Case Study: Claude Opus 4.6 and Firefox

Anthropic's March 6, 2026 write-up describes a collaboration with Mozilla where Claude Opus 4.6 discovered 22 vulnerabilities in about two weeks, and Mozilla assessed 14 of them as high-severity. Mozilla's own post confirms the result and emphasizes why it worked in practice. The reports came with minimal test cases that made reproduction and fixing fast, and the team expanded the technique beyond the JS engine across the browser.

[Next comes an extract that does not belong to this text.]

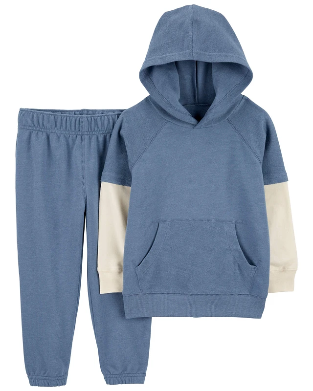 Baby 2-Piece Layered-Look Hooded Tee & Pull-On Pant Set

What Anthropic Actually Did

Anthropic's description is not "we wrote a mega-prompt." It is closer to the following. They started with a focused slice of the codebase, the JavaScript engine, because it is critical and analyzable in isolation. They iterated quickly. Claude found a use-after-free after roughly 20 minutes of exploration, humans validated it, and they filed a Bugzilla report with a candidate patch. They scaled out once the workflow proved itself, ultimately scanning around 6,000 C++ files and submitting 112 unique reports, with most fixes landing in Firefox 148.0 (released February 24, 2026).

Now is this the right approach? Maybe yes, maybe not. The thing is, many of the vulnerabilities that Anthropic must have found were not valid. They had to report vulnerabilities that were exploitable, and in order to find exploitable vectors, they had to go from a potential vulnerability to validating it and then to confirming that it is exploitable. That chain is very expensive. It cost Anthropic approximately $4,000 in API credits.

Can we spend that amount of money while auditing code? Maybe not. But are we dealing with the same scale of code as Firefox? Also not. Anthropic did it with almost no scaffolding at all. But what I am trying to advocate for is to have minimal scaffolding in the form of creating a threat model and describing the trust boundaries first.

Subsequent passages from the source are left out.